--- Problem description ---
Only the lines from the beginning of the data through the line holding "6月25日,香港知名女星叶璇" belong in the answer, printed exactly and without pictures.

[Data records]
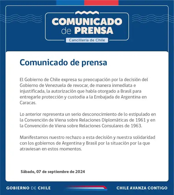 Dos de ellos son los gobiernos de Chile y Uruguay que, a través de sendos comunicados, manifestaron su preocupación por la decisión, pues consideran que se trata de «un serio desconocimiento de lo estipulado en la Convención de Viena».
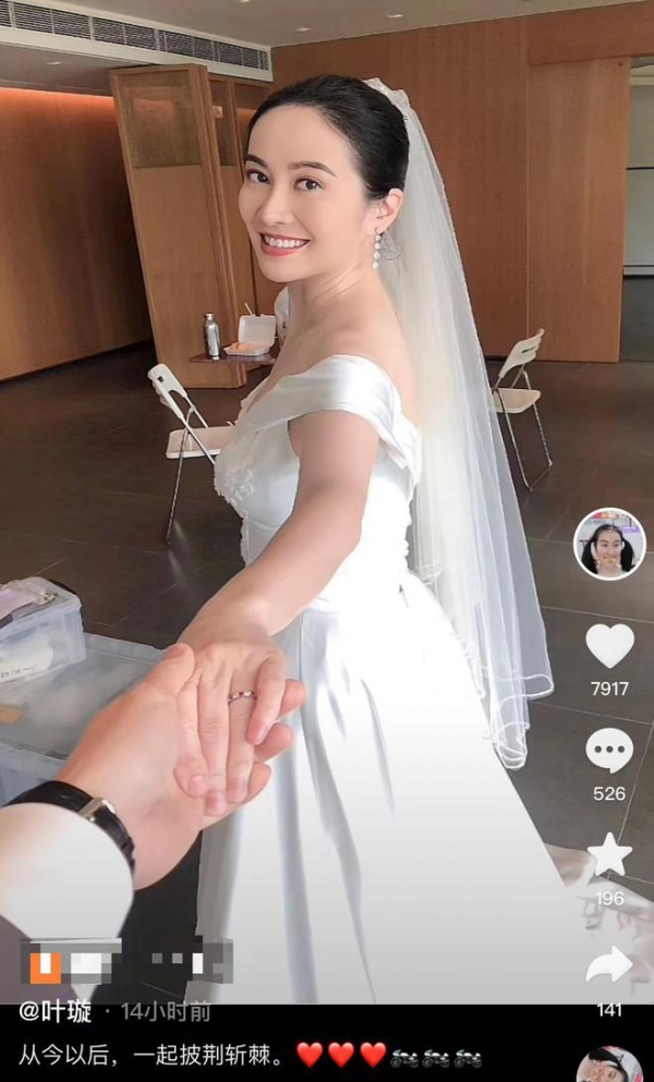 6月25日,香港知名女星叶璇突然晒出自己穿婚纱的美照,并配文"从今以后,一起披荆斩棘",被疑官宣结婚引发网友持续热议。
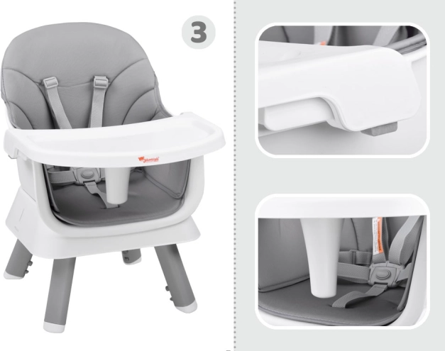 Πρακτικό παιδικό καρεκλάκι φαγητού 6 σε 1 που «μεγαλώνει» με το παιδί σας από 6 μηνών. Προσφέρει αρθρωτή κατασκευή, ασφαλείς ζώνες 5 σημείων, εύκολα πλενόμενο και διαπνέον ύφασμα επένδυσης, αποσπώμενο δίσκο και αντιολισθητικά ποδαράκια. Χάρη στις διαφορετικές διαμορφώσεις λειτουργεί ως ψηλό και χαμηλό καρεκλάκι, αντάπτορας για καρέκλα τραπεζαρίας, ανεξάρτητο καρεκλάκι με τραπεζάκι και τραπέζι παιχνιδιού για τουβλάκια.
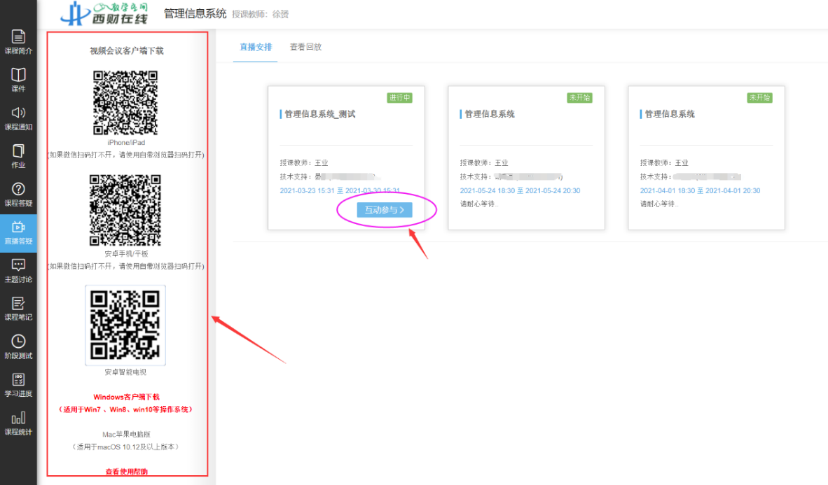 参与方式:在学习平台“直播答疑”专栏中根据左侧提示下载安装视频会议客户端,待直播答疑权限开放后点击“互动参与”按钮进入参与即可。同学们可提前准备好课程学习过程中遇到的相关问题,在答疑时间内进入平台客户端参加互动。
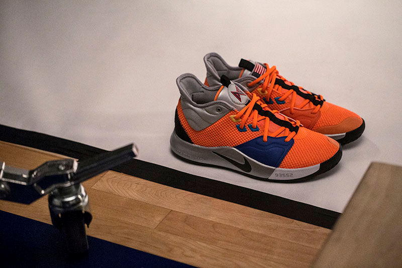 不过,考虑到乔治此前效力的雷霆队就有一套类似宇航员配色的球衣,这就让这双NASA配色的球鞋有了用武之地。此外,乔治3在鞋跟部分还有一句“如果月球上都有人类的脚印那天空怎能算极限”,这也契合保罗·乔治在篮球场上与人类一样的探索精神。
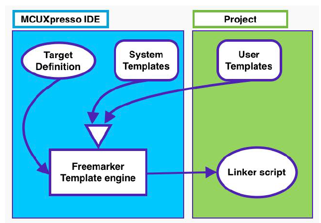 FreeMarker 是一个模板引擎(更通俗的说法其实就是链接文本的生成器),它集成在 MCUXpresso IDE 内部,由 MCUXpresso IDE 自动调用。MCUXpresso IDE 下最终的链接文件其实是由这个 FreeMarker 处理生成的。在 MCUXpresso IDE 软件内部有一组默认的系统模板(也叫根模板),它还支持用户提供的模板(这些模板均是用一种专用的语法 FTL 来描述的),所有适用工程的模板最终统一经过 FreeMarker 来处理。

--- The completed task ---
 Dos de ellos son los gobiernos de Chile y Uruguay que, a través de sendos comunicados, manifestaron su preocupación por la decisión, pues consideran que se trata de «un serio desconocimiento de lo estipulado en la Convención de Viena».
 6月25日,香港知名女星叶璇突然晒出自己穿婚纱的美照,并配文"从今以后,一起披荆斩棘",被疑官宣结婚引发网友持续热议。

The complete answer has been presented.